These are the platforms, tools, datasets, and communities I would point someone to if they were building a data science foundation today. Not an exhaustive list — a curated one. Everything here has earned its place through genuine usefulness.
Where to Learn
fast.ai — The best free deep learning curriculum available. Jeremy Howard’s top-down teaching approach is counterintuitive and highly effective. Start here for deep learning.
Kaggle Learn — Short, practical micro-courses on pandas, SQL, feature engineering, and machine learning. Better than most paid courses for building hands-on fluency quickly.
StatQuest with Josh Starmer — YouTube channel that explains statistical and ML concepts with unusual clarity. If you’re confused about how an algorithm works, check here first.
CS229 — Stanford Machine Learning — Andrew Ng’s machine learning course, available free. The lecture notes are particularly valuable as a reference.
Missing Semester — MIT — Covers the tools every developer and data scientist needs but that are rarely taught formally: shell, version control, debugging.
Tools to Learn, in Order
Python — The language. No debate.
pandas + NumPy — Data manipulation. Learn these properly before anything else.
SQL — Everywhere, always. Window functions, CTEs, complex joins.
scikit-learn — Classical ML. The standard library.
matplotlib + seaborn — Visualisation. Enough to communicate findings clearly.
Git — Version control. Non-negotiable for professional work.
PyTorch or TensorFlow — Deep learning. PyTorch is increasingly preferred.
Docker — Containerisation. Required for anything that runs in production.
Practice Datasets
Kaggle Datasets — Enormous variety. Good for finding domain-specific data.

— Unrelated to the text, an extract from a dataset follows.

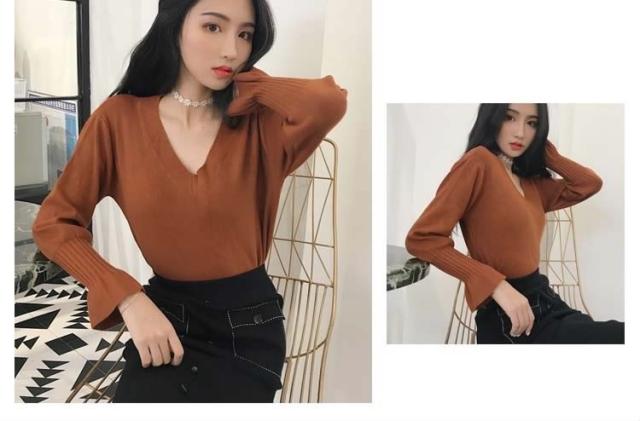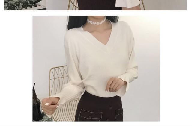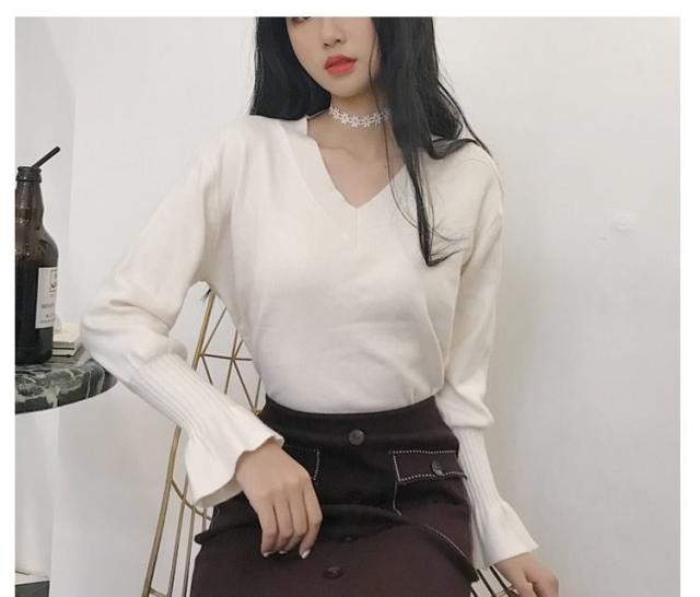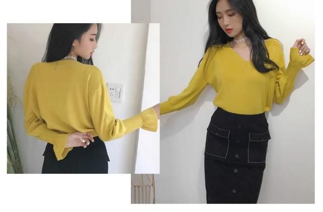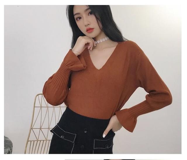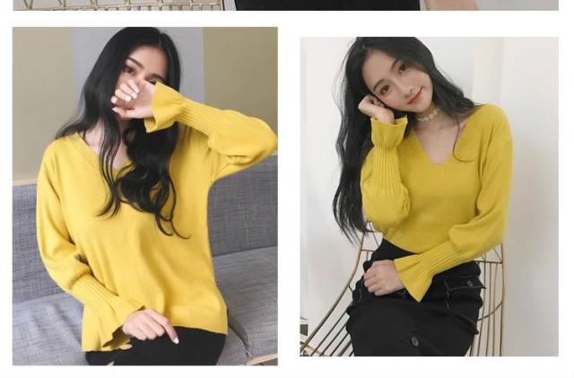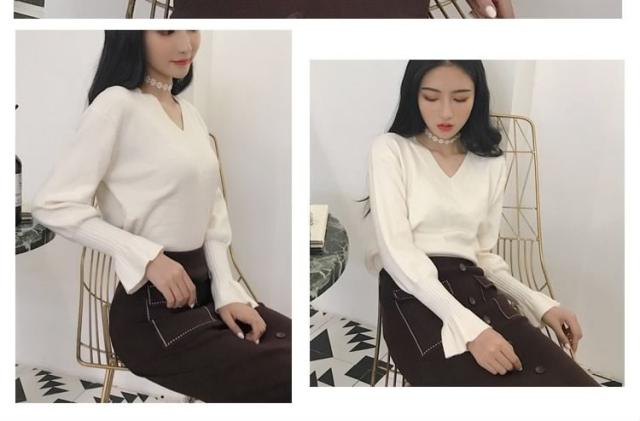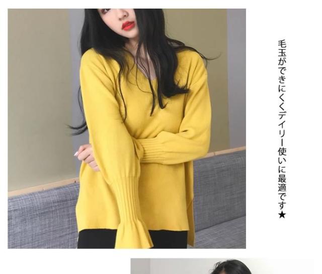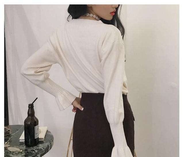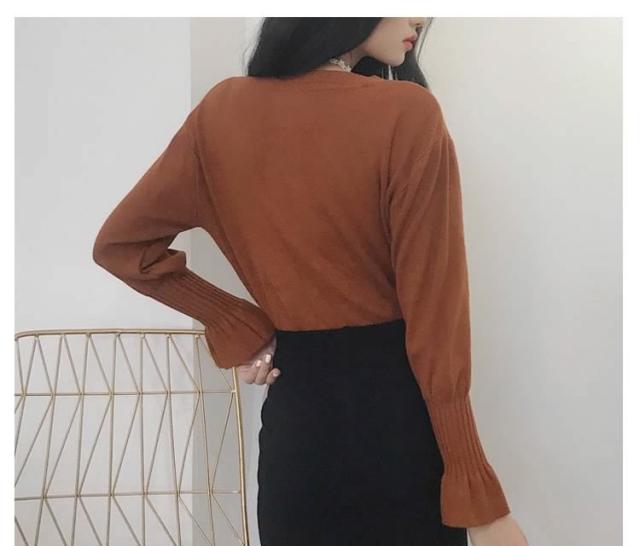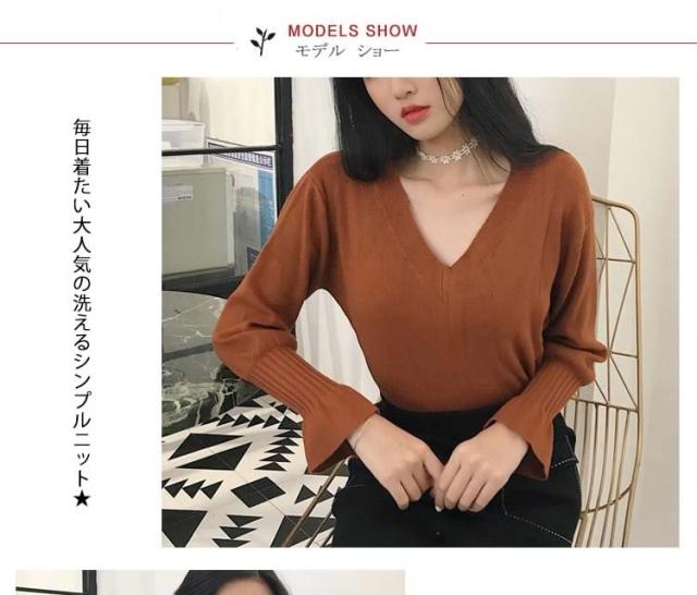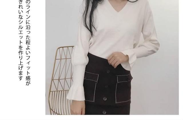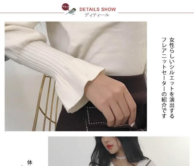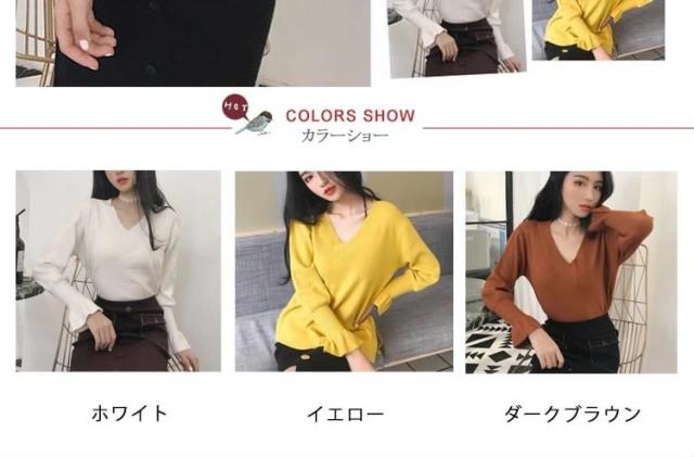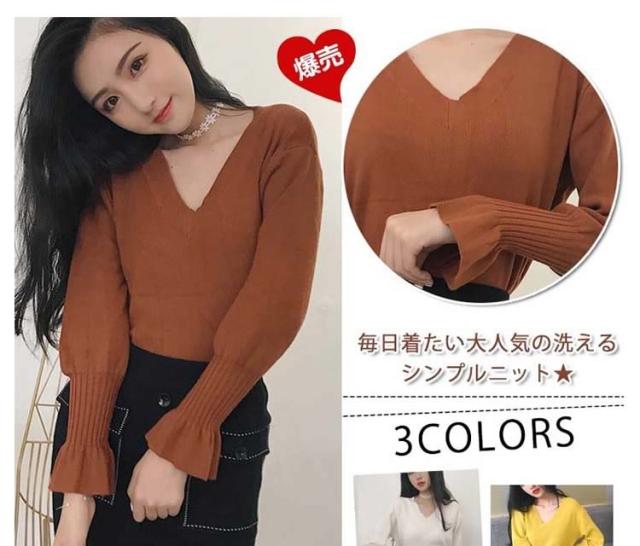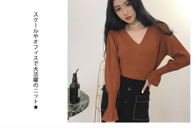 送料無料ニット/レディース/ニットセーター/ケーブル編みニット/プルオーバーニット/上着/トップス/Vネック/フレア袖/ショート丈/秋冬/長

UCI ML Repository — Classic datasets used across thousands of papers. Good reference.
data.gov / data.gov.in — Government open data. Messy, real, and very good practice.
Communities Worth Following
Towards Data Science — Mixed quality but high ceiling. The best articles are from practitioners solving real problems.
r/MachineLearning — Research announcements and technical discussion. Signal-to-noise is reasonable.
Hacker News — Best for staying current on tools, papers, and industry direction.